Cuando llegó a la ciudad de Cadés miró con atención los enormes muros que había
edificado con sus propias manos y sintió que la fuerza que había empleado,
durante años, ahora tensaba sus fuertes músculos. -Esta debe ser la señal,-Pensó
Barac y volvió rápidamente sobre sus pasos hasta el monte de Efraín. Desde muy
lejos distinguió la figura de una mujer envuelta en un manto rojo oscuro, era
la mujer de Lapidot. Llegó hasta la palma y la mujer levantó la mano hacía el
cielo señalando con el dedo y le dijo:
“El Señor te ha llamado! !Es la hora! Deberás reunir un ejército de diez mil hombres
y avanzar contra las fuerzas de Sisara. Hazlo como lo ordena tu señor y triunfarás”.
Por un
momento, Barac, dudó de lo que oía, se vio sobrecogido por la angustia y el
temor, su voz quedó atrapada por un momento en el vacío. Creyó conveniente
buscar el apoyo en la profetisa.
-Vendrás
conmigo, señora, y nos darás las ordenes que indique Dios a través de tus
palabras.
Débora lo miró
incrédula y sus ojos se fueron entornando, después se pusieron blancos. La vidente
comenzó a temblar, luego respondió:
-Iré a tu lado
y derrotarás al ejército de los mil coches de hierro, vencerás en la batalla,
sin embargo, la gloria no será tuya porque te has negado a emprender el ataque
bajo la señal de la nube del señor.
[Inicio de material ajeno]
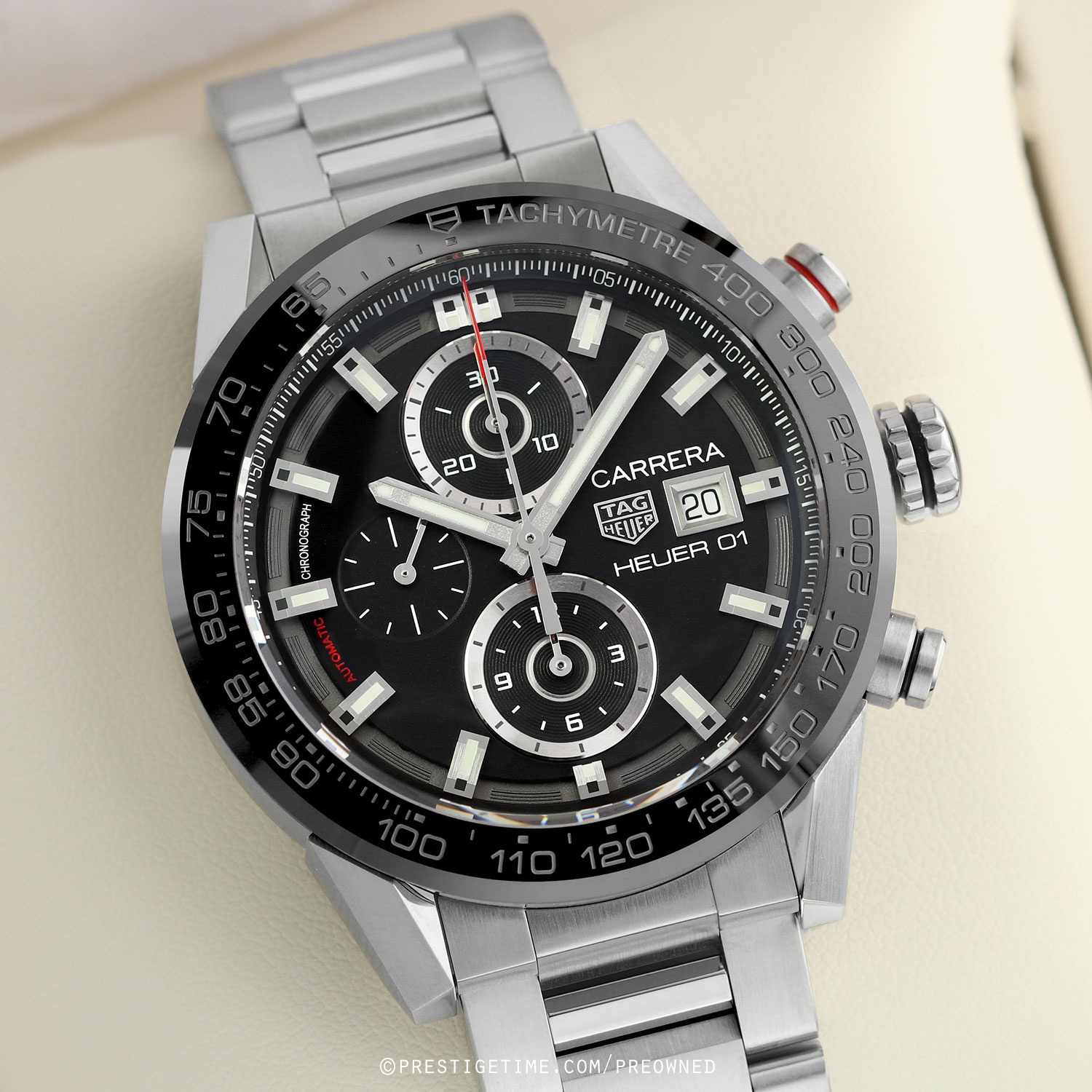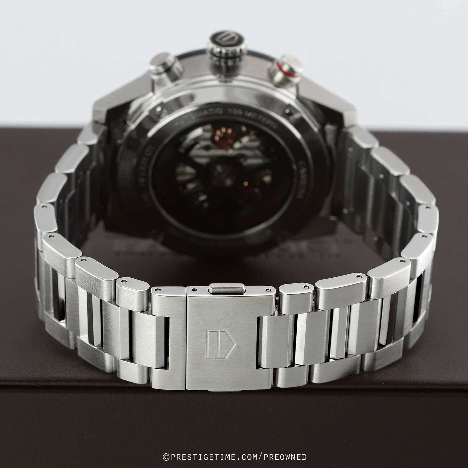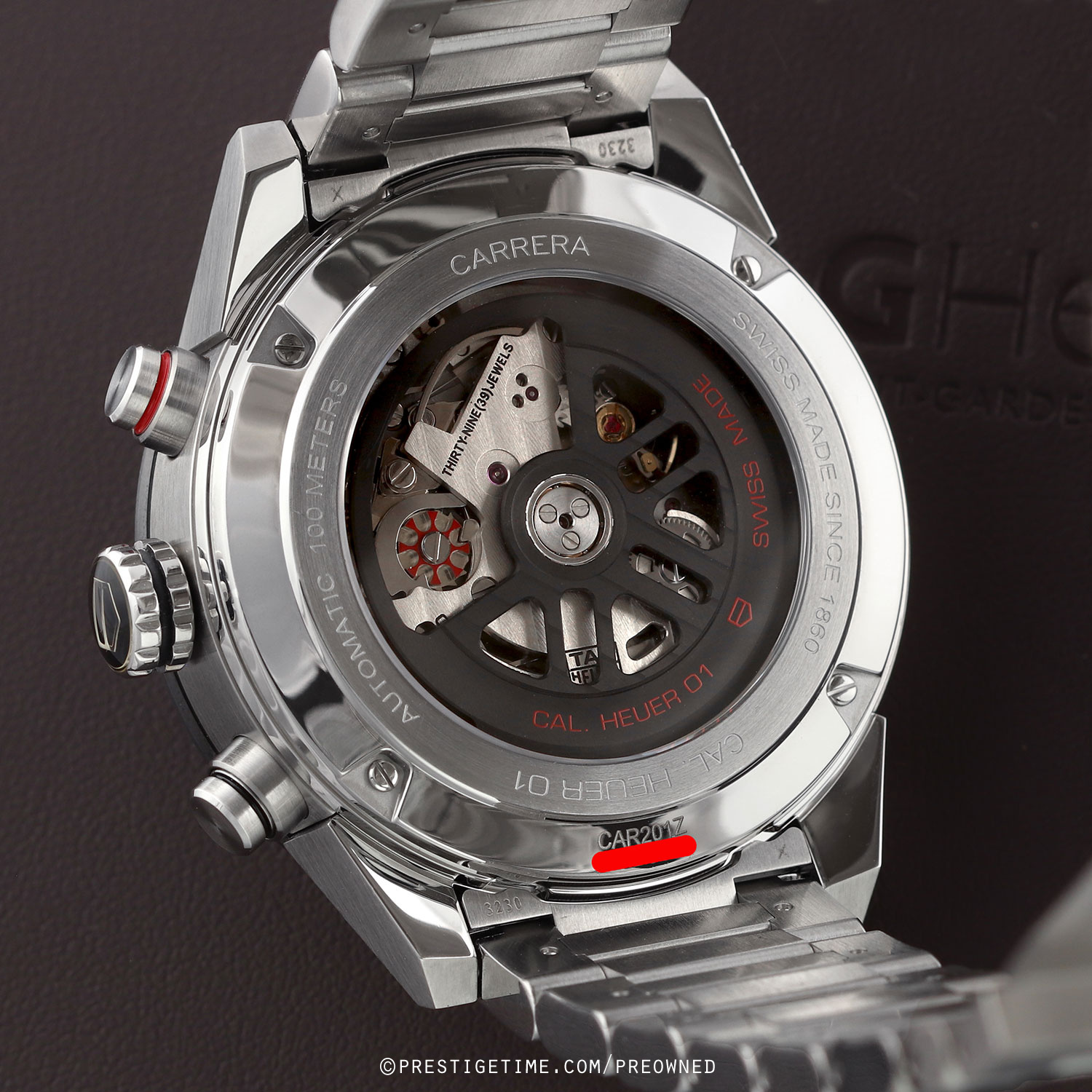 Movement: Powered by a TAG Heuer caliber 01, beats at 28,800 vph (4Hz), contains 39 jewels & has a power reserve of +/-50 hours if just the watch is running or +/- 40 hour if the chronograph function is running.

Iré contigo y cuando busques a tu enemigo
te dejaré ir solo siguiendo un rastro que te llevará a una casa donde
descubrirás una gran revelación.
Barac reunió
de Neftalí y Zabulón diez mil hombres dispuestos a tomar por sorpresa a Sisara,
pero Jéber, quién se había enfrentado en su día al suegro de Moisés, dio aviso
a los hombres del comandante de Sisara y estos tuvieron tiempo de enfilar sus
novecientos herrados y fortificados carros. Así comenzó el avance hacía la
pendiente del monte Tabor. Sisara divisó
el ejercito judío y arreció la marcha haciendo levantar una enorme nube de
polvo semejante a un torbellino, en ese momento, Débora habló con la voz del
creador e indicó que se prepararan los hombres para atacar bajo una fuerte tormenta.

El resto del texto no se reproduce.